§ EXERCISE DATA:
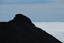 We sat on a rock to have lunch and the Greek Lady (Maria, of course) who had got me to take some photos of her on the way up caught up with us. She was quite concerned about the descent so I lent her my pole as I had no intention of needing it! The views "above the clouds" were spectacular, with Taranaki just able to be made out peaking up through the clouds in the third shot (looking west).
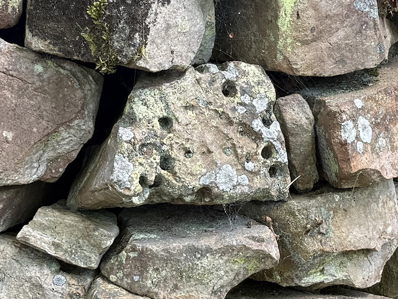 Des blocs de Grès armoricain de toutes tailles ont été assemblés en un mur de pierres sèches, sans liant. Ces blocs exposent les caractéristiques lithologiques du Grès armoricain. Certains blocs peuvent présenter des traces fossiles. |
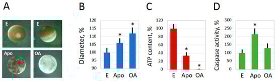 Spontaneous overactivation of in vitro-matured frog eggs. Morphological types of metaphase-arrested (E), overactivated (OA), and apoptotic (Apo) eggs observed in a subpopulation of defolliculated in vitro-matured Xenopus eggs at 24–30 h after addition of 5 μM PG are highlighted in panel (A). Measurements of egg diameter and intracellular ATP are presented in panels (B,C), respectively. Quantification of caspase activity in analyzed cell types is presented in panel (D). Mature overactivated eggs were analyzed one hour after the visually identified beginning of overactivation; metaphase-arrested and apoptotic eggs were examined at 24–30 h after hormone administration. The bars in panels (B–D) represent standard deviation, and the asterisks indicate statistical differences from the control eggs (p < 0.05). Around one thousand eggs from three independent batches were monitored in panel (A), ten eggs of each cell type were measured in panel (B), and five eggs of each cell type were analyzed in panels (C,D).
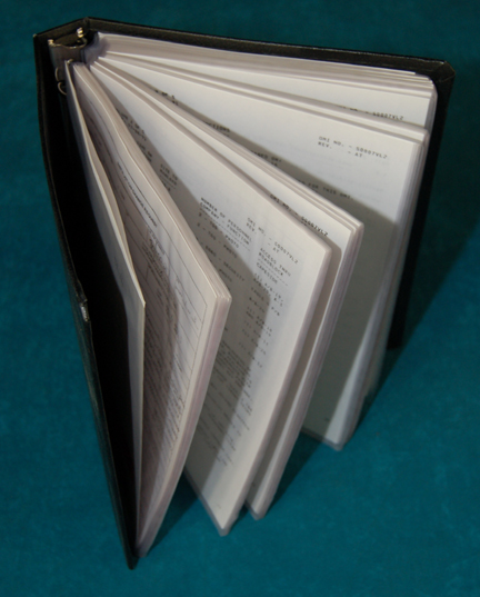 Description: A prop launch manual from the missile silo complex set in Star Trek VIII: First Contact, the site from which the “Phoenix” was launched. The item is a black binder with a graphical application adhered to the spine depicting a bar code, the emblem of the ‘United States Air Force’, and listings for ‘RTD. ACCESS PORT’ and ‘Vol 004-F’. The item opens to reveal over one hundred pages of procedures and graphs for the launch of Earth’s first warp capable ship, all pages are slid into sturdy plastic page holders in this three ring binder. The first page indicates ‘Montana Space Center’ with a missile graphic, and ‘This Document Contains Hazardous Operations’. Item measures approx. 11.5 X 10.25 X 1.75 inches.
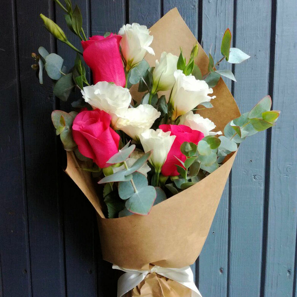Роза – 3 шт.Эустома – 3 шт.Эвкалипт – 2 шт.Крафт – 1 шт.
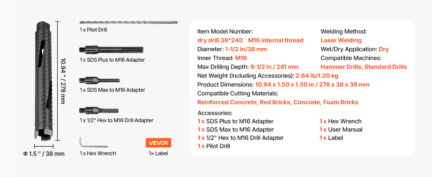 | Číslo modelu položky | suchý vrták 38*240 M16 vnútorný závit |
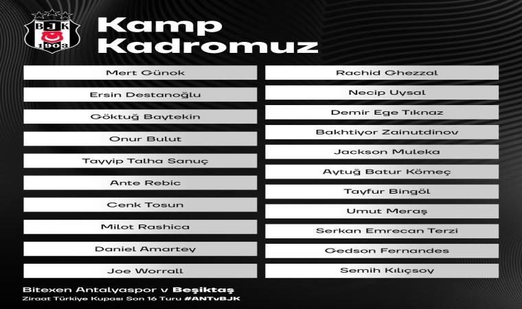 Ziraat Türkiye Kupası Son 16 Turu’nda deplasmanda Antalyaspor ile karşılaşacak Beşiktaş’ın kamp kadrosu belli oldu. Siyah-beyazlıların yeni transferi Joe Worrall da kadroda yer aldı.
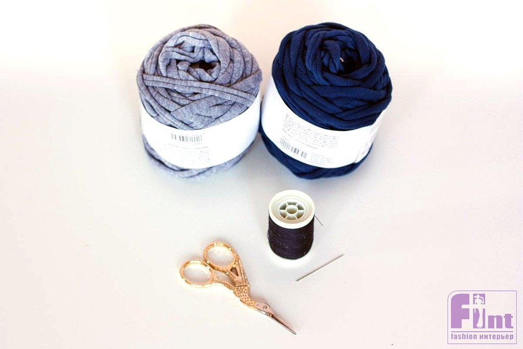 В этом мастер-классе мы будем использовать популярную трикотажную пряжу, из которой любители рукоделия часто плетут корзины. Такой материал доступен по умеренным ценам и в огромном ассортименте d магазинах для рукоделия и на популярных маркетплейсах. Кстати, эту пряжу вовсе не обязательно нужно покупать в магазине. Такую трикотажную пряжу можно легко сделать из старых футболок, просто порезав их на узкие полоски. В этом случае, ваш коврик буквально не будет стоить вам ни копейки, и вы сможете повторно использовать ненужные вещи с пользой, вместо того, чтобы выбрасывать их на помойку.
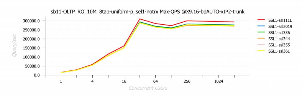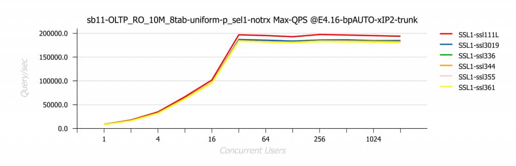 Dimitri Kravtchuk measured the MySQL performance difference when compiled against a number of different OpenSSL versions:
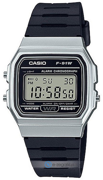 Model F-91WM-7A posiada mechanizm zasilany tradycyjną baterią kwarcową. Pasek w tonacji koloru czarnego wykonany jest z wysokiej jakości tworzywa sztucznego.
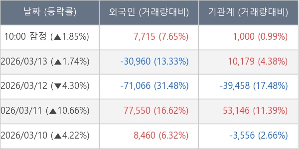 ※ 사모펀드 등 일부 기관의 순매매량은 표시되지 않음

§ TASK REQUIREMENTS:
The expected answer is the complete set of entries, copied verbatim, with no pictures.

§ SOLUTION TO THE EXERCISE:
 We sat on a rock to have lunch and the Greek Lady (Maria, of course) who had got me to take some photos of her on the way up caught up with us. She was quite concerned about the descent so I lent her my pole as I had no intention of needing it! The views "above the clouds" were spectacular, with Taranaki just able to be made out peaking up through the clouds in the third shot (looking west).
 Des blocs de Grès armoricain de toutes tailles ont été assemblés en un mur de pierres sèches, sans liant. Ces blocs exposent les caractéristiques lithologiques du Grès armoricain. Certains blocs peuvent présenter des traces fossiles. |
 Spontaneous overactivation of in vitro-matured frog eggs. Morphological types of metaphase-arrested (E), overactivated (OA), and apoptotic (Apo) eggs observed in a subpopulation of defolliculated in vitro-matured Xenopus eggs at 24–30 h after addition of 5 μM PG are highlighted in panel (A). Measurements of egg diameter and intracellular ATP are presented in panels (B,C), respectively. Quantification of caspase activity in analyzed cell types is presented in panel (D). Mature overactivated eggs were analyzed one hour after the visually identified beginning of overactivation; metaphase-arrested and apoptotic eggs were examined at 24–30 h after hormone administration. The bars in panels (B–D) represent standard deviation, and the asterisks indicate statistical differences from the control eggs (p < 0.05). Around one thousand eggs from three independent batches were monitored in panel (A), ten eggs of each cell type were measured in panel (B), and five eggs of each cell type were analyzed in panels (C,D).
 Description: A prop launch manual from the missile silo complex set in Star Trek VIII: First Contact, the site from which the “Phoenix” was launched. The item is a black binder with a graphical application adhered to the spine depicting a bar code, the emblem of the ‘United States Air Force’, and listings for ‘RTD. ACCESS PORT’ and ‘Vol 004-F’. The item opens to reveal over one hundred pages of procedures and graphs for the launch of Earth’s first warp capable ship, all pages are slid into sturdy plastic page holders in this three ring binder. The first page indicates ‘Montana Space Center’ with a missile graphic, and ‘This Document Contains Hazardous Operations’. Item measures approx. 11.5 X 10.25 X 1.75 inches.
Роза – 3 шт.Эустома – 3 шт.Эвкалипт – 2 шт.Крафт – 1 шт.
 | Číslo modelu položky | suchý vrták 38*240 M16 vnútorný závit |
 Ziraat Türkiye Kupası Son 16 Turu’nda deplasmanda Antalyaspor ile karşılaşacak Beşiktaş’ın kamp kadrosu belli oldu. Siyah-beyazlıların yeni transferi Joe Worrall da kadroda yer aldı.
 В этом мастер-классе мы будем использовать популярную трикотажную пряжу, из которой любители рукоделия часто плетут корзины. Такой материал доступен по умеренным ценам и в огромном ассортименте d магазинах для рукоделия и на популярных маркетплейсах. Кстати, эту пряжу вовсе не обязательно нужно покупать в магазине. Такую трикотажную пряжу можно легко сделать из старых футболок, просто порезав их на узкие полоски. В этом случае, ваш коврик буквально не будет стоить вам ни копейки, и вы сможете повторно использовать ненужные вещи с пользой, вместо того, чтобы выбрасывать их на помойку.
 Dimitri Kravtchuk measured the MySQL performance difference when compiled against a number of different OpenSSL versions:
 Model F-91WM-7A posiada mechanizm zasilany tradycyjną baterią kwarcową. Pasek w tonacji koloru czarnego wykonany jest z wysokiej jakości tworzywa sztucznego.
 ※ 사모펀드 등 일부 기관의 순매매량은 표시되지 않음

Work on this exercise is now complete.